An Investigation Into The Basis For The Loss Of Smell As An Early Symptom Of Covid-19

The loss of the sense of smell and taste has proven to be the most reliable indicator of early infection of the SARS-CoV-2 virus. Between 25% and 50% of people report anosmia and ageusia as the very first symptom of Covid-19. Studies of patient records around the world find that the loss of smell or taste is more than twenty times as likely to predict a SARS-CoV-2 positive PCR than a fever, cough, or a stuffy nose. That is very likely because fevers and coughs are associated with many illnesses other than Covid-19.

The loss of smell and taste differs from that associated with most colds. A stuffy nose can, and often does, degrade the sense of smell but not usually that of taste. Moreover, the loss of smell for most colds is not absolute. In the case of most colds, inflamed and swollen tissue blocks odors from reaching the olfactory sensory neurons located high in the nasal cavity, just below the cribriform plate that separates the back of the nasal passage from the brain. In the cases where the virus-induced loss of smell is profound, recovery may take months. The presumed reason is the destruction of the sensory neurons themselves, which regenerate slowly. The acute loss of smell and taste following SARS-CoV-2 infection returns in weeks, not months, suggesting that the underlying pathology may differ.

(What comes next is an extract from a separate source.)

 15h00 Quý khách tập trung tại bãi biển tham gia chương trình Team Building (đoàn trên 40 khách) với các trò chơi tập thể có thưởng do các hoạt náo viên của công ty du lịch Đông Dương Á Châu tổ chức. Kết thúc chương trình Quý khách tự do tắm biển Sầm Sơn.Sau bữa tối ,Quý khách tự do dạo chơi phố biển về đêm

These observations prompted Harvard scientists to investigate the pathology responsible for the loss of smell following SARS-CoV-2 infection. Their approach was indirect. Rather than tracking infection of the virus itself, they sought to determine what cells in the olfactory tissue harbored two genes used by SARS-CoV-2 to enter cells, the ACE2 surface protein that serves as a receptor, and the cellar protein TMPRSS2 that activates the spike protein of the virus before viral entry.

The results were unexpected. The olfactory neurons that bind and detect the chemicals that produce the sensation of odor express neither ACE2 nor TMPRSS2. Therefore, it is unlikely that the sensory neurons are themselves infected. However, cells that surround and support the olfactory sensory neurons do express both genes and are therefore likely targets of the virus. These are called the sustentacular cells. These cells wrap tightly around the receptor neurons. The authors speculate sustentacular cells are needed to provide an essential function for detecting odor. Virus infection and damage of these cells may account for the transient loss of smell. Presumably, the sustentacular cells regenerate more quickly than the olfactory neurons, accounting for the recovery of the sense of smell within weeks of the viral infection. These studies shed new light on the essential role of the sustentacular cells in odor perception.

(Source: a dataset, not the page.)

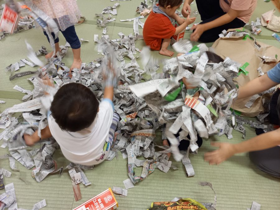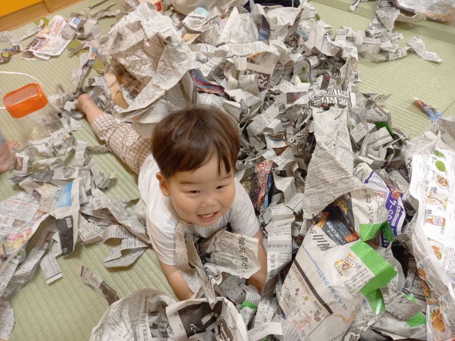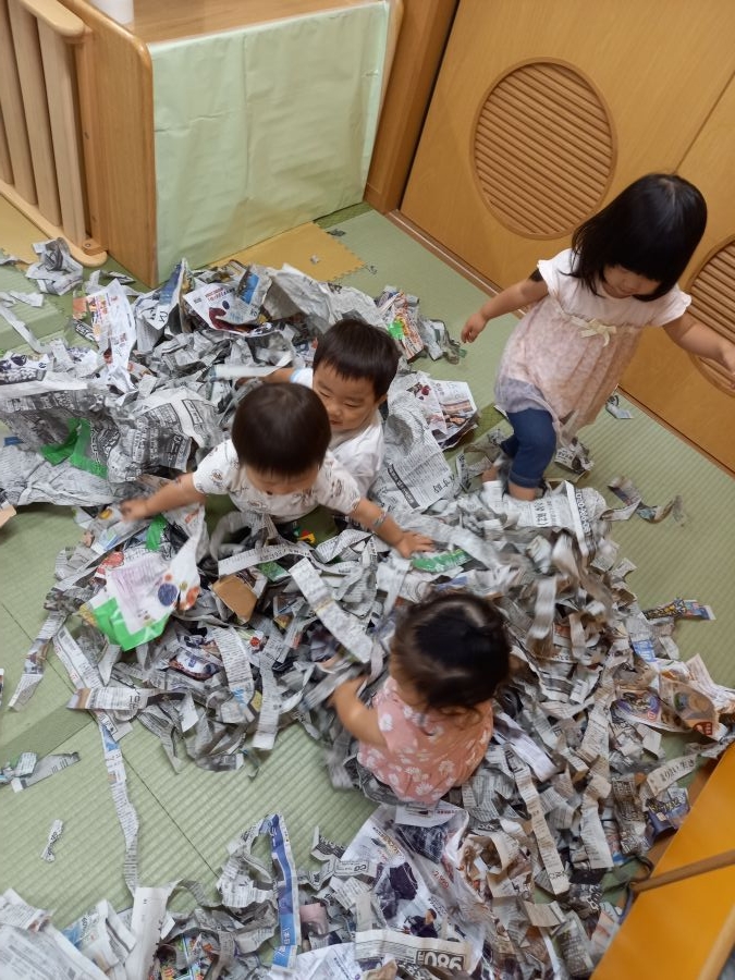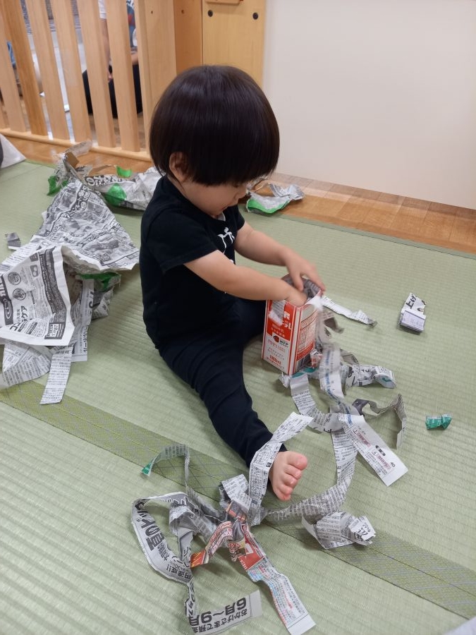 新聞をビリビリ~ たくさんの新聞に大喜びのこどもたちです! ゆっくり座ってひたすら箱に入れたり、ビニール袋の穴から 新聞をひっぱりだしたり、プールのようにダイブしてみたり!! 次から次へと遊びを見つけて楽しんでいました。 雨の日の室内遊びでしたがこども達は大満喫で楽しんでいましたよ♪

The authors also discuss studies that have examined tissues of the human brain for expression of the ACE2 and TRPMSS2 genes. These two proteins are not made by any central system neurons, including those in the olfactory bulbs that receive direct input from the olfactory neurons. They attribute the loss of the sense of smell to damage in the nasal cavity, not the brain. Both ACE2 and TRPMSS2 are expressed on the inner lining of blood vessels that supply the brain, an observation that may account for some of the central nervous system manifestations of Covid-19, including damage to the splenium of the corpus colosseum in adult and children with Multisystem Inflammatory Syndrome-Children (MIS-C).

The conclusions of this report, while compelling, are based on indirect observations. Biopsies of infected tissue that show the virus does indeed infect and replicate in sustentacular cells would be more helpful. An observation of both the damage and recovery of the tissue would be even more compelling.

Also left unexplained is what accounts for the loss of taste. Are the neurons of the taste receptor damaged or, as in the case of the odorant receptors, is the loss of the sense of taste also attributable to damage to the cells that support the taste sensory neurons? There is one cold causing coronavirus, HCoV-NL63, that also uses the ACE2 receptor. Do people who suffer from colds induced by HCov-NL63 also lose the sense of both smell and taste, or one but not the other? This report is sure to encourage further investigation, if not in humans, in sub-human primates.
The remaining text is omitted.